# Condition Numbers

## Learning Objectives

• Compute the condition number
• Quantify the impact of a high condition number

## Condition Number Definition

The condition number of a square nonsingular matrix $${\bf A}$$ is defined by $$\text{cond}({\bf A}) = \kappa({\bf A}) = \|{\bf A}\| \|{\bf A}^{-1}\|$$ which is also the condition number associated with solving the linear system $${\bf A} \boldsymbol{x} = \boldsymbol{b}$$. A matrix with a large condition number is said to be ill-conditioned.

The condition number can be measured with any $$p$$-norm, so to be precise we typically specify the norm being used, i.e. $$\text{cond}_2$$, $$\text{cond}_1, \text{cond}_{\infty}$$.

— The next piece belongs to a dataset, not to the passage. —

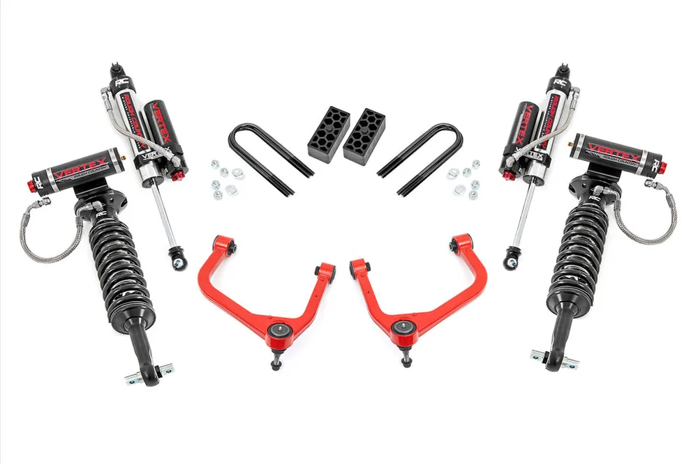 Explore New Heights: GM’s fourth-generation Silverado 1500 features an impressive all-new design that’s built from the ground up, with aggressive angles and head-turning stylings that fit in beautifully when transformed with Rough Country’s 3.5-inch Suspension Lift.Innovative Design and Construction: When changing a vehicle’s suspension, the key to preserving ride quality is keeping the geometry of all suspension components as close to their factory angles as possible. Rough Country’s 3.5in lift features a set of forged aluminum upper control arms to provide the correct suspension geometry in our most durable control arm to date! This perfect-height lift is a great choice for anyone who wants more than a simple level but doesn’t quite want the full height of a 6-inch option. This kit lifts and levels the front of the vehicle with the rear, offering enough increased ground clearance to run up to 295/55R20 tires with an improved, aggressive look. We didn’t want to limit you to one standard kit. Rough Country’s 3.5-inch kit is configurable with all the shock options that we offer. This allows you to choose which shock series you want! Ranging from our nitrogen-charged N3 shocks to our Vertex reservoir shocks the power to choose is in your hands.Installation: Requiring the use of a strut compressor to install, an estimated timeframe of 5-6 hours is recommended to complete this full installation. This full kit can be installed at home and can be completed efficiently and quickly!Limited Lifetime Replacement Warranty: Rough Country’s 3.5″ Suspension Lift Kit is backed with a limited lifetime replacement warranty towards manufacturer defects. As such, the product is protected from structural and workmanship damage after the date of purchase. With our industry-leading warranty give yourself peace of mind when using Rough Country’s Suspension products!

If $${\bf A}$$ is singular, we can define $$\text{cond}({\bf A}) = \infty$$ by convention.

## Perturbed Matrix Problem and Error Bound

Let $$\boldsymbol{x}$$ be the solution of $${\bf A} \boldsymbol{x} = \boldsymbol{b}$$ and $$\hat{\boldsymbol{x}}$$ be the solution of the perturbed problem $${\bf A} \hat{\boldsymbol{x}} = \boldsymbol{b} + \Delta \boldsymbol{b}$$. Let $$\Delta \boldsymbol{x} = \hat{\boldsymbol{x}} - \boldsymbol{x}$$ be the absolute error in output. Then we have $${\bf A} \boldsymbol{x} + {\bf A} \Delta \boldsymbol{x} = \boldsymbol{b} + \Delta \boldsymbol{b},$$ so $${\bf A} \Delta \boldsymbol{x} = \Delta \boldsymbol{b}.$$ Now we want to see how the relative error in output $$\left(\frac{\|\Delta \boldsymbol{x}\|}{\|\boldsymbol{x}\|}\right)$$ is related to the relative error in input $$\left(\frac{\|\Delta \boldsymbol{b}\|}{\|\boldsymbol{b}\|}\right)$$:

\begin{align} \frac{\|\Delta \boldsymbol{x}\| / \|\boldsymbol{x}\|}{\|\Delta \boldsymbol{b}\| / \|\boldsymbol{b}\|} &= \frac{\|\Delta \boldsymbol{x}\| \|\boldsymbol{b}\|}{\|\boldsymbol{x}\| \|\Delta \boldsymbol{b}\|}\\ &= \frac{\|{\bf A}^{-1} \Delta \boldsymbol{b}\| \|{\bf A} \boldsymbol{x}\|}{\|\boldsymbol{x}\| \|\Delta \boldsymbol{b}\|}\\ &\le \frac{\|{\bf A}^{-1}\| \|\Delta \boldsymbol{b}\| \|{\bf A}\| \|\boldsymbol{x}\|}{\|\boldsymbol{x}\| \|\Delta \boldsymbol{b}\|} \\ &= \|{\bf A}^{-1}\| \|{\bf A}\|\\ &= \text{cond}({\bf A}) \end{align}

where we used $$\|{\bf A}\boldsymbol{x}\| \le \|{\bf A}\| \|\boldsymbol{x}\|, \forall \boldsymbol{x}$$

Then

$\frac{\|\Delta \boldsymbol{x}\|}{\|\boldsymbol{x}\|} \le \text{cond}({\bf A})\frac{\|\Delta \boldsymbol{b}\|}{\|\boldsymbol{b}\|} \qquad (1)$

Therefore, if we know the relative error in input, then we can use the condition number of the system to obtain an upper bound for the relative error of our computed solution (output).

## Residual vs Error

The residual vector $$\boldsymbol{r}$$ of approximate solution $$\hat{\boldsymbol{x}}$$ for the linear system $${\bf A} \boldsymbol{x} = \boldsymbol{b}$$ is defined as $$\boldsymbol{r} = \boldsymbol{b} - {\bf A} \hat{\boldsymbol{x}}$$. In the perturbed matrix problem described above, we have

$\boldsymbol{r} = \boldsymbol{b} - (\boldsymbol{b} + \Delta \boldsymbol{b}) = -\Delta \boldsymbol{b}$

Therefore, equation (1) can also be written as

$\frac{\|\Delta \boldsymbol{x}\|}{\|\boldsymbol{x}\|} \le \text{cond}({\bf A})\frac{\|\boldsymbol{r}\|}{\|\boldsymbol{b}\|}$

If we define relative residual as $$\frac{\|\boldsymbol{r}\|}{\|\boldsymbol{b}\|}$$, we can see that small relative residual implies small relative error in approximate solution only if $${\bf A}$$ is well-conditioned ($$\text{cond}({\bf A})$$ is small).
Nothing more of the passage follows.